In the drive for adoption of electronic health records, the post-acute sector has been overlooked. That’s slowly changing as the CMS begins to shift its attention that way.
As part of its long-awaited interoperability proposed rule released last month, the CMS issued a request for information seeking industry feedback on how it can give post-acute providers incentives to adopt interoperable health information technology systems. The agency has largely attributed the sector’s lag in EHR adoption to lack of federal incentives, since providers in the post-acute setting weren’t eligible for the Medicare and Medicaid EHR Incentive Programs.
“We are asking for comments on how CMS can ensure that post-acute care providers adopt health technology, allowing for a more seamless flow of data,” CMS Administrator Seema Verma said during a speech in February at HIMSS19.
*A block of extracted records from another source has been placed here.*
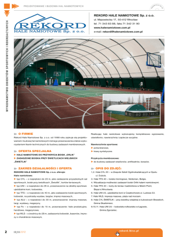 PROJEKTOWANIE I BUDOWA HAL NAMIOTOWYCH REKORD HALE NAMIOTOWE Sp. z o.o. WYKONAWST WO O BIEKTÓW S P O RTOW YCH I REKREACYJNYC H ul. Mazowiecka 17, 50-412 Wrocław tel. 71 343 83 88, faks 71 342 31 90 www.halenamiotowe.com.pl e-mail: [email protected] O FIRMIE Rekord Hale Namiotowe Sp. z o.o. od 1998 roku zajmuje się projekto- Realizując hale namiotowe wykonujemy kompleksowo ogrzewanie, oświetlenie, nawierzchnię i zaplecze socjalne. waniem i budową hal namiotowych różnego przeznaczenia a także wykorzystaniem tkanin technicznych do budowy zadaszeń membranowych. Nawierzchnie sportowe: poliuretanowe, OFERTA specjalna trawy syntetyczne. HALE NAMIOTOWE DO PRZYKRYCIA BOISK „ORLIK” ZADASZONE BOISKA PRZY ŚWIETLICACH WIEJSKICH Przykrycia membranowe: „ŚWIETLIK” do budowy zadaszeń stadionów, amfiteatrów, tarasów. ZAKRES DZIAŁALNOŚCI I OFERTA REKORD HALE NAMIOTOWE Sp. z o.o. oferuje: Hale namiotowe: OPIS DO ZDJĘĆ: 1,2. Hala CYL 20 – w Zespole Szkół Ogólnokształcących w Opolu ul. Dubois. typ CYL – o rozpiętości do 20 m, jako zadaszenie przyszkolnych sal 3. Hala TFS 40 – boisko treningowe, Veldeman, Belgia. sportowych, boisk przy świetlicach „Świetlik”, kortów tenisowych, 4. Wizualizacja możliwości zadaszeń boisk Orlik halami namiotowymi. typ UNI – o rozpiętości do 26 m, przeznaczenie na obiekty sportowe: 5. Hala TFS 40 – korty do tenisa i badmintona w Match Point, ujeżdżalnie koni, lodowiska, Ślęza k/Wrocławia. typ TFS – o rozpiętości do 40 m, jako zadaszenie boisk sportowych, 6. Hala UNI 23, ujeżdżalnia koni w Częstochowie ul. Ludowa 53. lodowisk, na potrzeby wystaw, targów, imprez masowych, 7. Hale WLS, impreza masowa, plaża nad morzem. typ ALU – o rozpiętości do 30 m, przeznaczenie: imprezy masowe, 8. Hala CYL ŚWIETLIK – przy świetlicy wiejskiej w Łukowicach Brzeskich, targi, wystawy, magazyny, typ Fe – o rozpiętości do 15 m, przeznaczenie: hale produkcyjne, handlowe, magazynowe, Gmina Skarbimierz. 9,10,11. Hala UNI 25 – lodowisko-rolkowisko w Łagowie, Gmina Zgorzelec. typ WLS – o średnicy do 28 m, zadaszenia lodowisk, basenów, imprezy o charakterze masowym, 2 2012 rekord.ibiss.pl korzystaj my z boisk orlik 12 m iesięcy w roku rekord.ibiss.pl 2012 WYKONAWST WO O BIEKTÓW S P O RTOW YCH I REKREACYJNYC H PROJEKTOWANIE I BUDOWA HAL NAMIOTOWYCH 3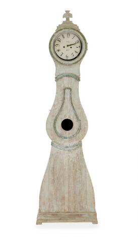 Svensk almue standur i kasse af grønmalet træ, rund skive af bemalet metal. Sign. OLS No. 969. Västergötland, 19. årh.s begyndelse. H. 237. B. 66. D. 24.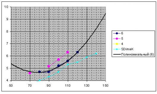 Мой расход по компу примерно на 0,5 л больше твоего (кстати, комп занижает расход по моим замерам на длинных дистанциях на ~11%) и быстрее растет с ростом скорости. Может потому, что машина почти нулевая, не обкатанная. А может, круиз сильно лучше дрожащей ноги. Хочу однако заметить, что мои кривые от скорости чуть лучше соответствуют теории (у тебя расход растет даже медленнее скорости, а должен расти в степени от 1 до 2). Надо бы тебе повторить замеры на больших скоростях, что-то тут не так... Что за отрезок КАД? У нас на юге (от вантуза до СЗД) горок уж больно много, да и народ суетится. Лучше бы без уклонов и в одиночестве. Мой мерный участок на объездной вокруг Новгорода (не на Москву, а с другой стороны, на Лугу-Шимск). Там болотина вокруг и местность плоская, как блин. Расход стабилизируется уже через пару километров, даже 15-ти на замер не надо, хватает и 5-ти.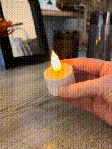 Realistic flickering LED flames mimic candlelight 🔥.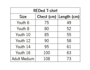 All ages, Dancer MerchandiseBlack, round-neck unisex t-shirt with REDed logo. Optional item for REDed students to purchase and wear to regular rehearsals. Please refer to the size guide image before placing your order. The price includes the cost of posting the item to your home (items will be dispatched from March 16 on). Please enter your preferred postal address into the Billing Details fields upon checkout.$40.00Bundle discount: purchase a REDed T-shirt and Tote Bag together and use coupon code RED10 at checkout to receive a $10 discount!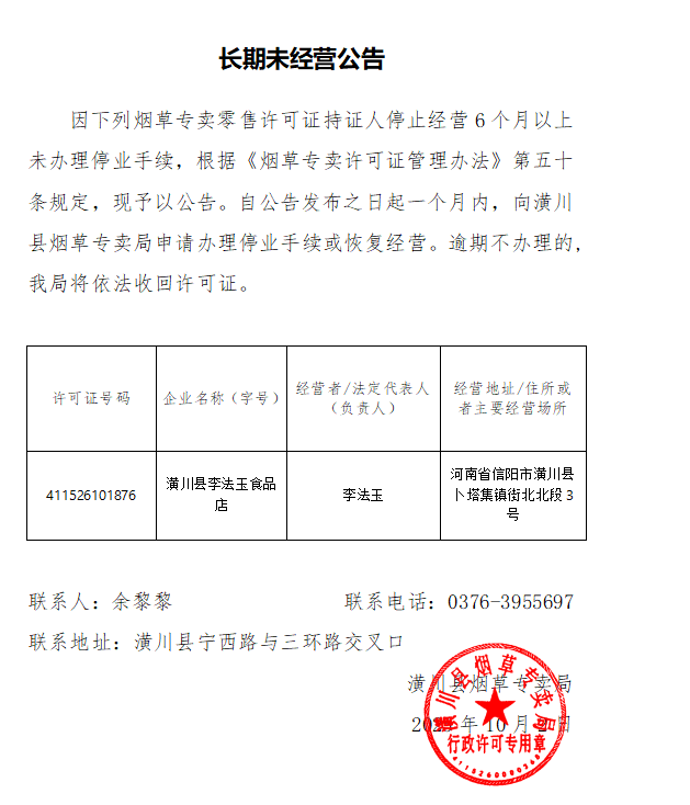 潢川县烟草专卖局长期未经营公告(2025.10.2)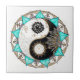 Mandala design based on the Chinese philosophy of opposing forces yin and yang. The two forces are surrounded by a white, gold, and silver mandala design and adorned with an eye, feathers, and a gold and silver flower design.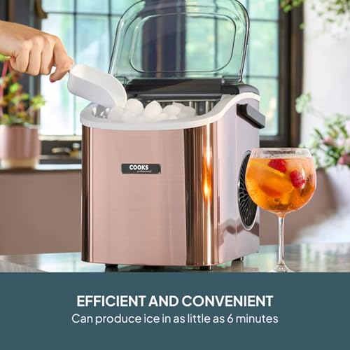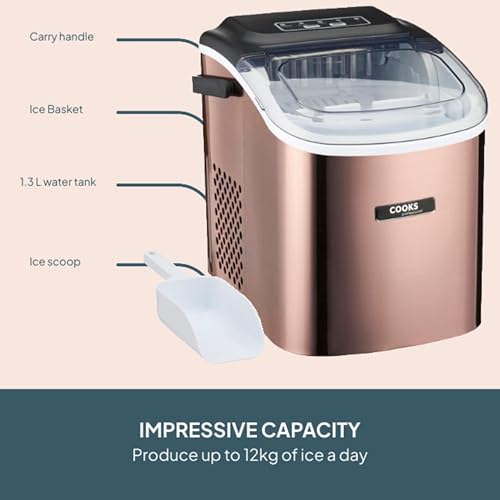 Cooks Professional 12KG Ice Maker Machine with Scoop | Countertop Ice Cube Maker for Home, Kitchen, Bar | Large Capacity 1.3L Water Tank | Quick & Easy with 2 Ice Size Options | No Plumbing | Copper

That’s important, suggested Neal Reizer, chair of the Home Care Technology Association of America, an affiliate of the National Association for Home Care & Hospice, since care settings no longer work in isolation.
“You can probably run your own agency on paper, but I think where it really hurts you is when you’re a referral partner,” added Reizer, who also serves as senior vice president of product management at Homecare Homebase, a home health software provider.
There’s more than 90% adoption of EHRs in acute-care hospitals and 85% of office-based physicians have them. By contrast, just 19% of post-acute providers surveyed had EHRs in place as of 2017, according to a market research survey by Black Book. And just 64% of skilled-nursing facilities had implemented EHRs in 2016, according to the most recent data from HHS’ Office of the National Coordinator for Health Information Technology.